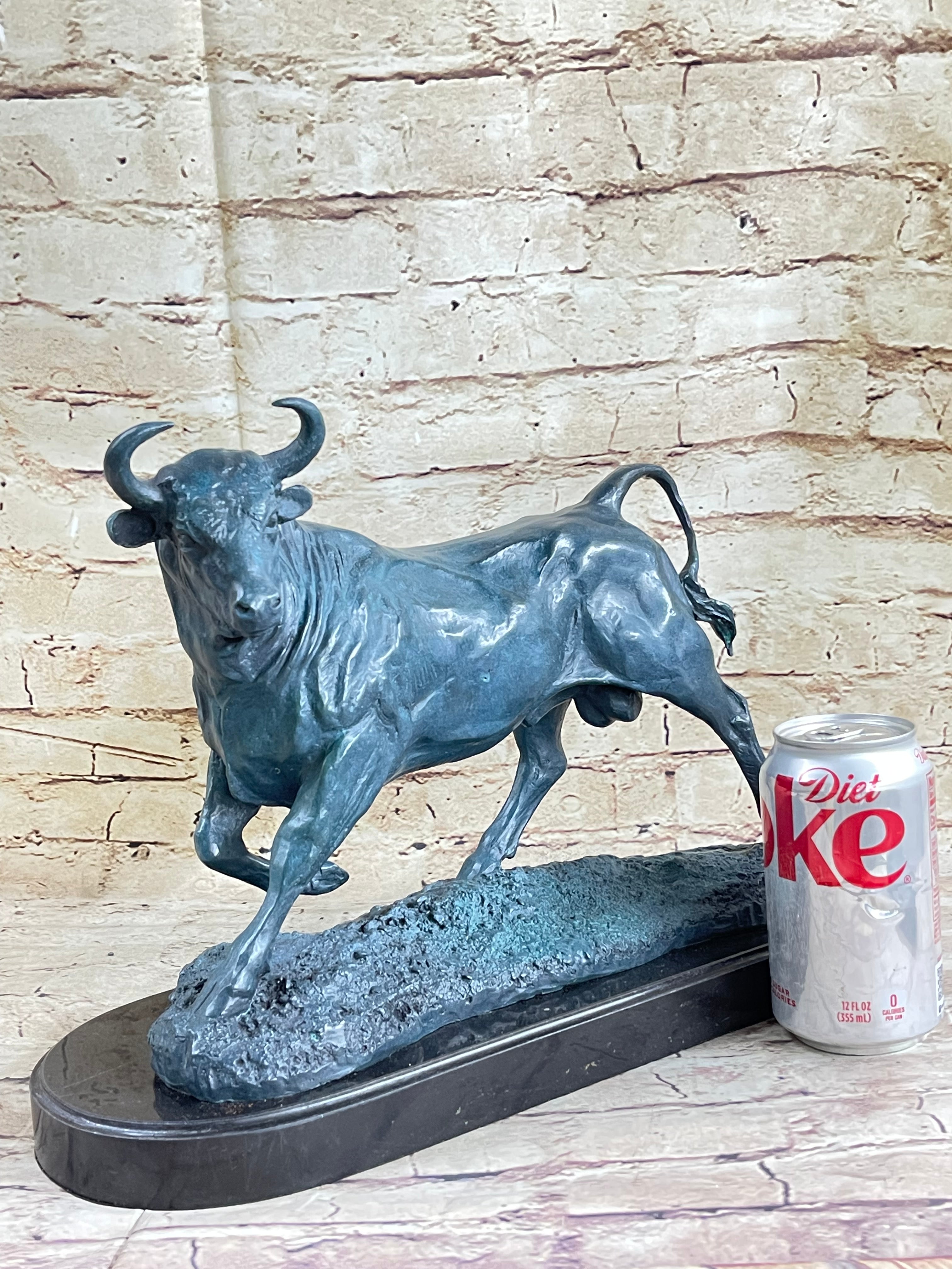 Meticulously handcrafted, this sculpture is cast using the renowned "Lost Wax Method," ensuring exceptional detail and artistry. Made entirely of 100% bronze, it showcases the enduring allure of this remarkable material. Every aspect of the sculpture is fully detailed, capturing the essence and power of the bull.
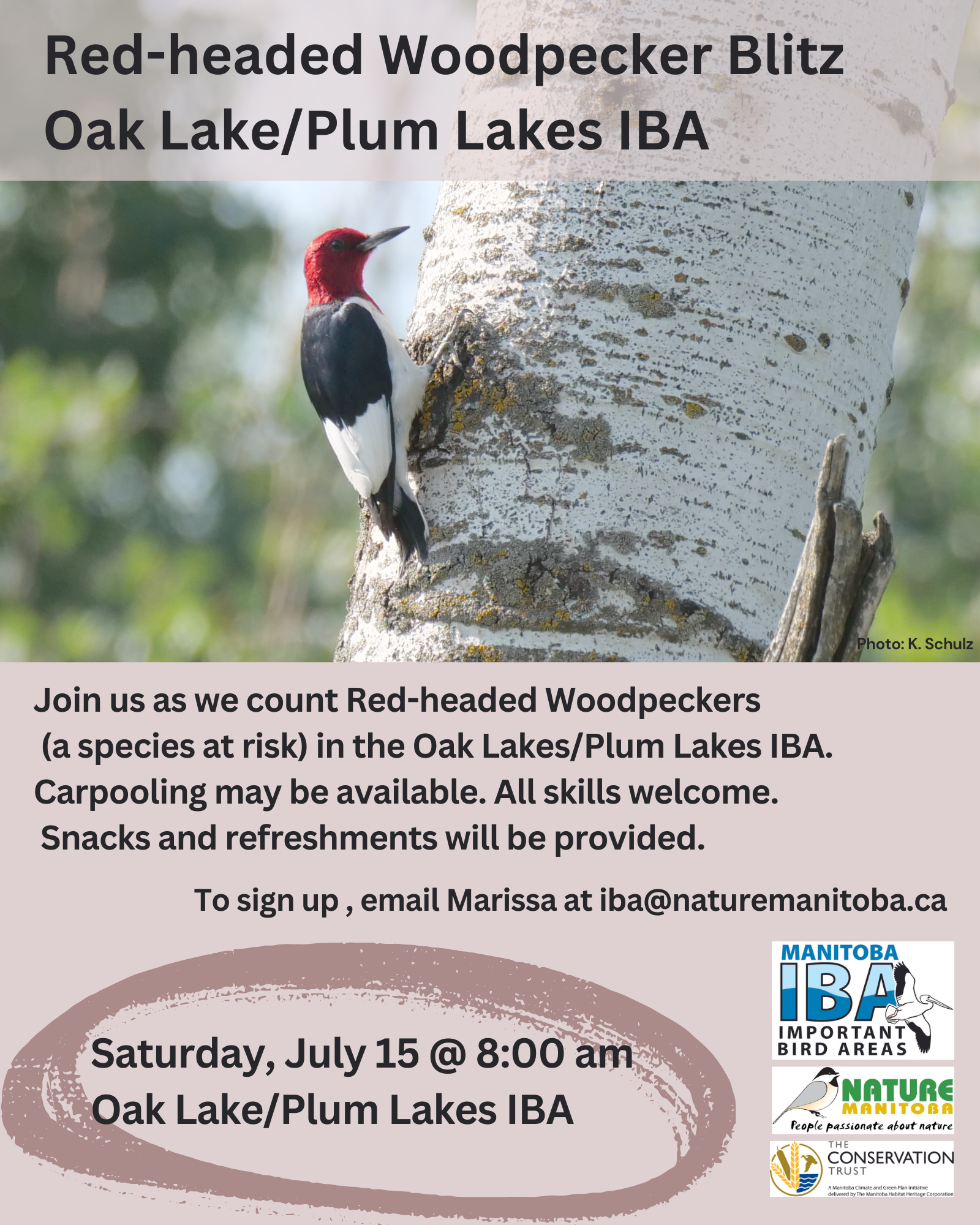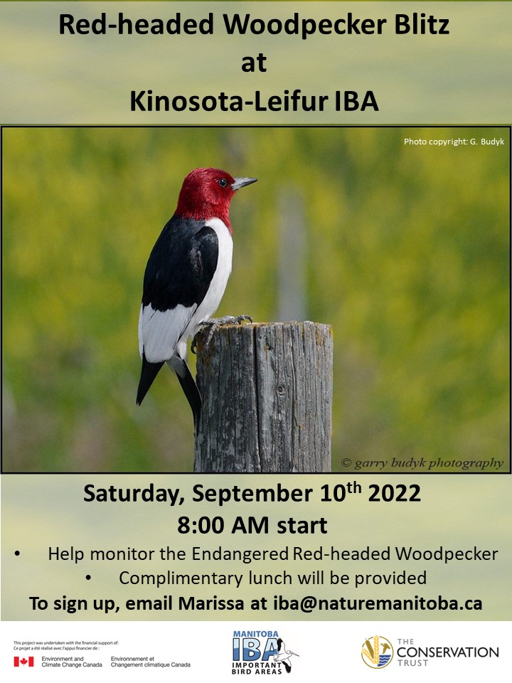 We are looking for volunteers to help us count the Red-headed Woodpecker in Oak Lake/Plum Lakes IBA, on Saturday July 6. The blitz will begin at 8:30 am. Carpooling can be arranged, when possible. All skill levels welcome. Email Marissa at iba@naturemanitoba.ca to sign up.
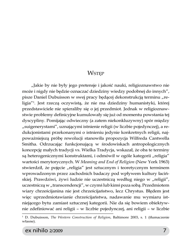 Wstęp „Jakie by nie były jego pretensje i jakość nauki, religioznawstwo nie może i nigdy nie będzie oznaczać dziedziny wiedzy podobnej do innych”, pisze Daniel Dubuisson w swej pracy będącej dekonstrukcją terminu „religia”1. Jest rzeczą oczywistą, że nie ma dziedziny humanistyki, której przedstawiciele nie spieraliby się o jej przedmiot. Jednak w religioznawstwie problemy definicyjne kumulowały się już od momentu powstania tej dyscypliny. Pomijając odwieczny (a zatem niekonkluzywny) spór między „suigenerystami”, uznającymi istnienie religii (w liczbie pojedynczej), a redukcjonistami przekonanymi o istnieniu jedynie konkretnych religii, najpoważniejszą próbę rewolucji stanowiła propozycja Wilfreda Cantwella Smitha. Odrzucając funkcjonującą w środowiskach antropologicznych koncepcję małych tradycji vs. Wielka Tradycja, wskazał, że oba te terminy są heterogenicznymi konstruktami, i odmówił w ogóle kategorii „religia” wartości merytorycznych. W Meaning and End of Religion (New York 1963) stwierdził, że pojęcie „religia” jest sztucznym i teoretycznym terminem wprowadzonym przez zachodnich badaczy pod wpływem kultury łacińskiej. Prawdziwi, żywi ludzie nie uczestniczą według niego w „religii”, uczestniczą w „transcendencji”, w czymś lub kimś poza sobą. Przedmiotem wiary chrześcijanina nie jest chrześcijaństwo, lecz Chrystus. Błędem jest więc uprzedmiotawianie chrześcijaństwa, nadawanie mu wymiaru istniejącego bytu zamiast sztucznej kategorii. Nie da się bowiem obiektywnie zdefiniować ani religii – w liczbie pojedynczej, ani religii – w liczbie 1 D. Dubuisson, The Western Construction of Religion, Baltimore 2003, s. 1 (tłumaczenie własne). ex nihilo 2/2009 7 Andrzej Szyjewski mnogiej. Istnieje zatem zastana tradycja, na podstawie której formowana jest indywidualna wiara. Religioznawcy winni zajmować się żywymi cechami i wartościami wiary, nie zaś abstrakcyjnymi konstruktami. Pomijam tu cel dywagacji Smitha, pragnącego zbudować religioznawstwo jako ekumeniczną teologię2; istotne jest, że jego tezy wywołały ferment, którego pośrednim skutkiem są takie teorie religii, jak ta sformułowana przez Danièle Hervieu-Léger. Jednak gdyby francuska socjolożka czytała uważniej klasyków religioznawstwa, nie przypisywałaby tak wielu odmiennych cech religijności nowoczesnej. Problem w tym, że religie należałoby wówczas traktować nieco szerzej niż jako odniesienie do transcendencji. Większość autorów prezentujących swoje teksty w niniejszym tomie musi się ciągle zmagać z niedookreślonymi ramami, które miałyby odgraniczać zjawiska religijne od niereligijnych. Spośród wielu stosowanych tu strategii warto wskazać na tendencję do stałego poszerzania zakresu tego, co religijne. Zazwyczaj można w tej sytuacji posłużyć się wybiegiem adaptowania wypowiedzi wychodzących z wnętrza określonych tradycji. Wówczas w miejsce religii pojawiają się określenia typu duchowość, system samodoskonalenia czy ruch społeczny. Oczywiście trzeba rozróżnić perspektywę emiczną (emic), w której bada się to zjawisko, które jest uświadamiane i wyodrębniane przez jego uczestników, oraz perspektywę etyczną (etic), w której bada się to, co narzuca sam badacz jako próbę typologizacji czy klasyfikacji. Ponieważ ciężko, nawet w sytuacji ponowoczesnej, badać religie jak ksiądz Chmielowski konie, nie uważam za heurystycznie zasadne zostawianie problemu do oceny samym zaangażowanym, którzy zazwyczaj uporczywie uznają za religię jedynie zinstytucjonalizowane formy współczesnych monoteizmów. W tej sytuacji powtarzane zazwyczaj słowa: „Nie jesteśmy religią”, należy rozumieć jako asekurację przed oskarżeniami o „bycie destrukcyjną sektą zagrażającą Kościołowi”. Stosowanie odmiennych strategii, polegających na rozmyciu zakresu zjawiska, wiąże się z przyjęciem kategorii bardziej ogólnej – wówczas zorganizowane, tradycyjne religie byłyby tylko częścią zjawisk, wiązanych 2 Jak pisze Sheldon Isenberg, „Smith dzielił z Eliadem potężną, niemal gnostycką wizję religii”. S.R. Isenberg, Comparative Religion as an Ecumenical Process; Wilfred Cantwell Smith’s World Theology, „ Journal of Ecumenical Studies” 1987, t. 24 nr 4, s. 617. 8 ex nihilo 2/2009 Wstęp np. z pojęciem duchowości. Zjawiska te szczególnie silnie manifestują się w perspektywie współczesności, kiedy to religie tracą swój status wyłączności, spójności, publiczności, instytucjonalności itp. W tym kontekście interesujące jest zmierzenie się z tym, co dwoje spośród autorów zbioru nazywa „religiami rekonstruowanymi”, takimi jak druidyzm czy Ásatrú. W tych przypadkach bowiem brakującym elementem jest ciągłość, ponieważ tradycja została zapomniana na wszystkich szczeblach funkcjonowania kultury, a choćby zamieszczony tu tekst Darii Izdebskiej pokazuje, jakie trudności piętrzą się przed rekonstruktorami dawnych systemów religijnych. Wyznawcy muszą więc niejako „uwierzyć na nowo”, przy tym część z nich zachowuje identyfikację z dotychczas oficjalnie wyznawanym systemem wartości, inni zaś nie. Czy jednak nie przypomina to sytuacji wszelkich ruchów odnowy, tych wszystkich back to basics czy back to fundamentals, i nie stanowi elementu dynamiki właściwego każdemu procesowi religijnemu? Wszak, jak pisze redaktor francuskiej Encyklopedii Religii Świata: „tradycja to przede wszystkim nieustanne ścieranie się dwóch zasad, zachowania przekazu w stanie nienaruszonym i wzbogacania go o doświadczenia kolejnych pokoleń”3. W tej perspektywie rozważania kabalistów nad naturą człowieka, o jakich pisze Dominika Górnicz w kontekście mitu mesjańskiego, nie konstruują nowej jakości, lecz jedynie odczytują na nowo to, co tradycyjnie nienaruszalne. Być może na tym polega kolejny leitmotiv zbioru, jak można sąd
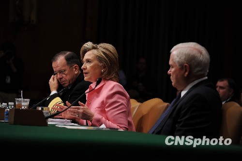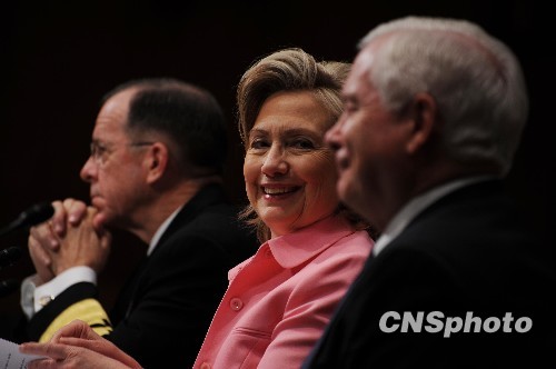 美国参议院外交委员会18日就新的美俄核裁军条约举行听证会。希拉里在听证会上表示,美国、中国和俄罗斯已经就制裁伊朗的联合国决议草案达成一致。图为美国国务卿希拉里(中)、国防部长盖茨(右)和美军参谋长联席会议主席迈克·马伦(左)到场作证。 中新社发 吴庆才 摄
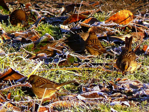 - White-throated Sparrow – One with large flock of Golden and White-crowned Sparrows, NW part of the Dog Area
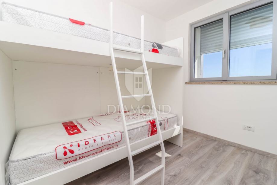 U neposrednoj blizini mora te prekrasnih plaža, sa vizurom Rovinja, nalazi se manja zgrada sa par stanova. Zgrada je novogradnja, te je na savršenoj poziciji gdje ima pogled na more te starogradsku jezgru iz svih stanova. U blizini se nalaze trgovina, ugostiteljska ponuda, dječji vrtić, dok su svi ostali sadržaji u centru grada udaljeni svega 2km .
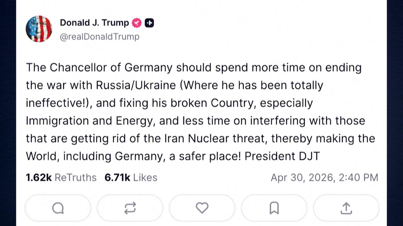 메르츠 총리가 지난 27일 "이란은 예상보다 훨씬 강하고, 미국은 협상에서도 설득력 있는 전략이 없다"며 미국 전체가 이란에 굴욕을 당하고 있다고 발언한 데 대해 연일 저격에 나선 겁니다.
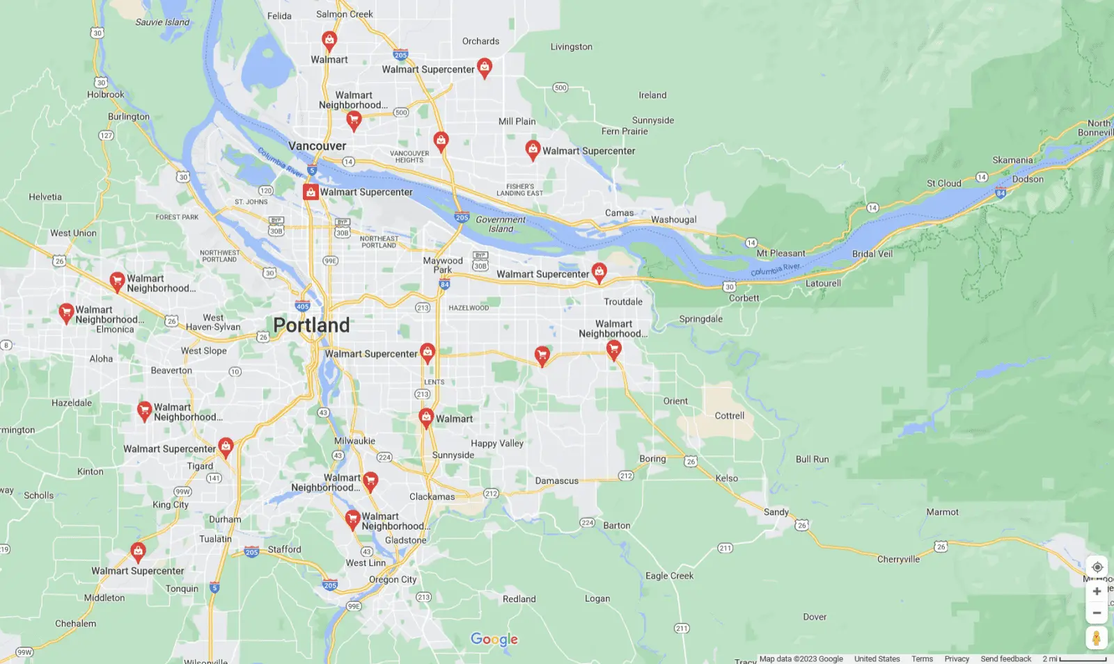 And yet news reports contradict your mapGoogle maps...wal marts in portland.
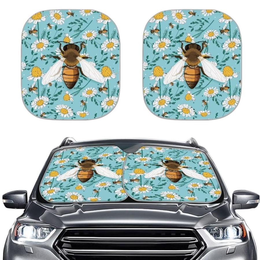 FOR U DESIGNS 車用フロントガラス用サンシェード 2点 かわいい蜂 花柄 自動車。
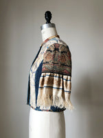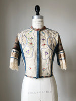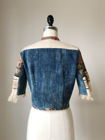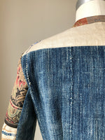 patched butterfly embroidery and African indigo cloth shirt jacket
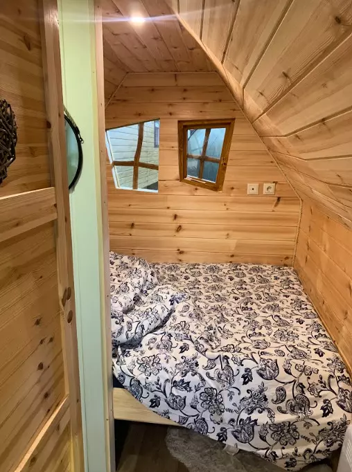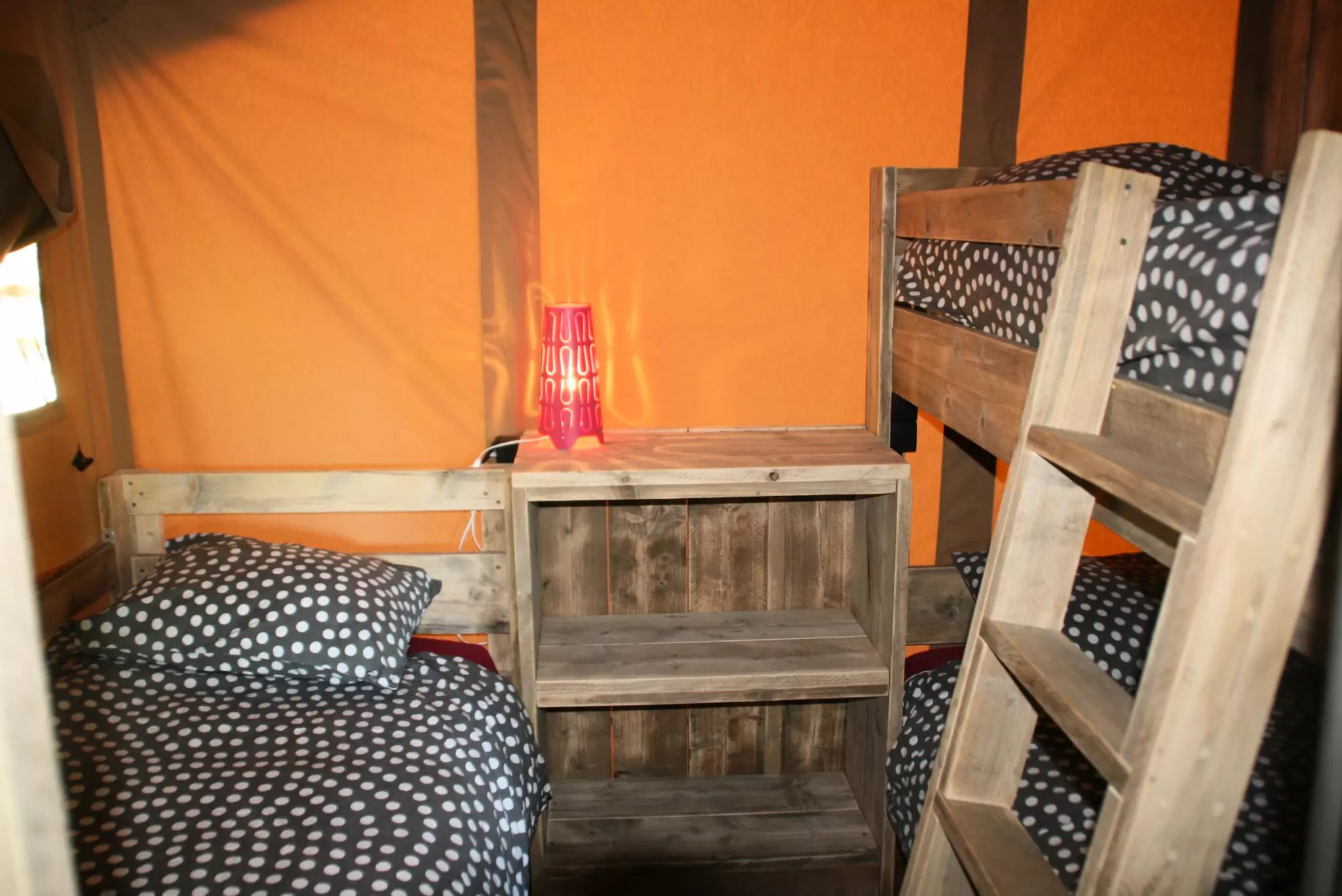 Tente avec strucutre et lits supperposés en bois avec matelas pour 2 personnes

» Your instructions
Only the lines that lie between the start of the listing and the line containing "We are looking", both included, belong in the answer; write them out exactly and omit pictures.

» Answer box
 Meticulously handcrafted, this sculpture is cast using the renowned "Lost Wax Method," ensuring exceptional detail and artistry. Made entirely of 100% bronze, it showcases the enduring allure of this remarkable material. Every aspect of the sculpture is fully detailed, capturing the essence and power of the bull.
 We are looking for volunteers to help us count the Red-headed Woodpecker in Oak Lake/Plum Lakes IBA, on Saturday July 6. The blitz will begin at 8:30 am. Carpooling can be arranged, when possible. All skill levels welcome. Email Marissa at iba@naturemanitoba.ca to sign up.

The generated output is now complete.